Hooker argued that the foundations to know what is true are three: Reason, Experience, and Tradition. Of reason, he wrote: Reason not feeling is key to knowledge; one must focus on “the nature of that evidence which scripture yieldeth.” The Holy Spirit, he implies, speaks to us through Reason. Feelings lead us to see how different we are from one another, thus it helps foment division. But “nature, Scripture, and experience . . . have all taught the world to seek for the ending of contentions by submitting itself unto some judicial and definitive sentence.” God, Hooker argued, prefers to have disputes settled in an orderly fashion by impartial judges who might err, have erroneous conclusions, that in time will be settled correctly, rather than to have continual disorderly disputes. God here is willing to be patient with humans to in time discover the truth. God is the author of peace not confusion; he wishes us to be patient in our discovery of what is true, and to yield to peace and order not confusion and disorder.

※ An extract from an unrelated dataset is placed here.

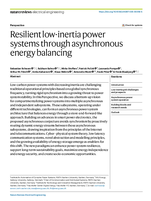 The perspective developed in the publication forms the scientific basis for the ERC Synergy Grant project SAFEr Grid, which is coordinated by RWTH Aachen University. In this innovative research project, researchers from RWTH Aachen University and Aalborg University are working to translate the theoretical concepts into robust models, novel control principles and real technical solutions and applications. The project is one of the most demanding funding lines of the European Research Council and was assessed in a peer review process as both visionary and realistic. The article now published confirms this assessment and shows a long-term viable path for a stable, secure and sustainable European energy supply.

Are the current moral fads of the past twenty to thirty years so pressing, so obviously true, that an entire worldwide church would change its traditional path to follow a postmodern path?

Hooker wrote pointedly and truthfully: “For my purpose herein is to shew, that when the minds of men are once erroneously persuaded that it is the will of God to have those things done which they fancy, their opinions are as thorns in their sides, never suffering them to take rest till they have brought their speculations into practice.” Even more powerful was his argument that people who dispute the current order will always have hearers because of human restlessness and dissatisfaction, unlike those who defend the current order.

Also, a wonderful condemnation to the restlessness and rampant change of our times is this: of God’s laws we are generally ignorant, knowing only bits and pieces of the whole. Humans perceive disorder and chaos because we are ignorant of God’s true purposes and His eternal laws: all things work according to His will, which is good and perfect. The key to discovering the way to moral goodness is by following “the natural way of finding out Laws by Reason” so “to guide the Will unto that which is good.” To expand, he believed that the voice of reason and authority of teaching over time is the way to know the Good. Humans inquire for preservation, simply to know, and as a means to know how to act. Humans know what is true and right by examining all things in relation to themselves over time. The deep understanding of our soul or mind is the First Law, the basis for understanding all subsequent laws and actions. Intuitive natural understanding teaches us “axioms and laws natural concerning our duty.”

Therefore, humans who behave most closely to the apriori truths of nature most closely imitate nature, hence mirror the truth, that is God. There is a universal morality and truth.

Hooker argued for a kind of society based on simple human reason, like that formed by the Pilgrims in the Mayflower Compact. Hooker wrote, twenty-five years before the voyage of the Pilgrims: “To take away all such mutual grievances, injuries, and wrongs, there was no way but only by growing unto composition and agreement amongst themselves, by ordaining some kind of government public, and by yielding themselves subject thereunto; that unto whom they granted authority to rule and govern, by them the peace, tranquillity, and happy estate of the rest might be procured.”

Richard Hooker ultimately argued that tradition, experience, and reason–not the whims of the moment, what is popular today—are the basis of order, the basis of morality, the basis of government, and the basis of the Christian Church. Today we see governments, and even churches, forgetting such wisdom. The Episcopal Church used to be a stalwart for tradition and order against the whims of the moment and the tides of change. But no longer. Now the Episcopal Church has become a Postmodern Church rushing along on its happy path into oblivion.